Top of Task material

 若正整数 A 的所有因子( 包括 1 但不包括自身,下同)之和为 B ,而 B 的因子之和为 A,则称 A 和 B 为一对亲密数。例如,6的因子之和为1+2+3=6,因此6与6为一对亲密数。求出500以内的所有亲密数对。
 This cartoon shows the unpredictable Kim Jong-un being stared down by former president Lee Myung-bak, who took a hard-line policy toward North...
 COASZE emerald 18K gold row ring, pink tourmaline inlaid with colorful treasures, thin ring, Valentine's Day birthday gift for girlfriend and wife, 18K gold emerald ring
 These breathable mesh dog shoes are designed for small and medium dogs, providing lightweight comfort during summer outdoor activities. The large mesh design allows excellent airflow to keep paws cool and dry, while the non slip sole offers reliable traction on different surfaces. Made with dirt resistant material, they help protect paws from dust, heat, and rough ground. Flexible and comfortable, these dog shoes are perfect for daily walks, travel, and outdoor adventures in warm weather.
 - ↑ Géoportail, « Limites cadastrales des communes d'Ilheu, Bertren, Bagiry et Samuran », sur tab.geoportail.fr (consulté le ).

Bottom of Task material

> [What needs to be done]
Pull out all lines from the listing that contain the string "with".

> [Written answer]
 COASZE emerald 18K gold row ring, pink tourmaline inlaid with colorful treasures, thin ring, Valentine's Day birthday gift for girlfriend and wife, 18K gold emerald ring
 These breathable mesh dog shoes are designed for small and medium dogs, providing lightweight comfort during summer outdoor activities. The large mesh design allows excellent airflow to keep paws cool and dry, while the non slip sole offers reliable traction on different surfaces. Made with dirt resistant material, they help protect paws from dust, heat, and rough ground. Flexible and comfortable, these dog shoes are perfect for daily walks, travel, and outdoor adventures in warm weather.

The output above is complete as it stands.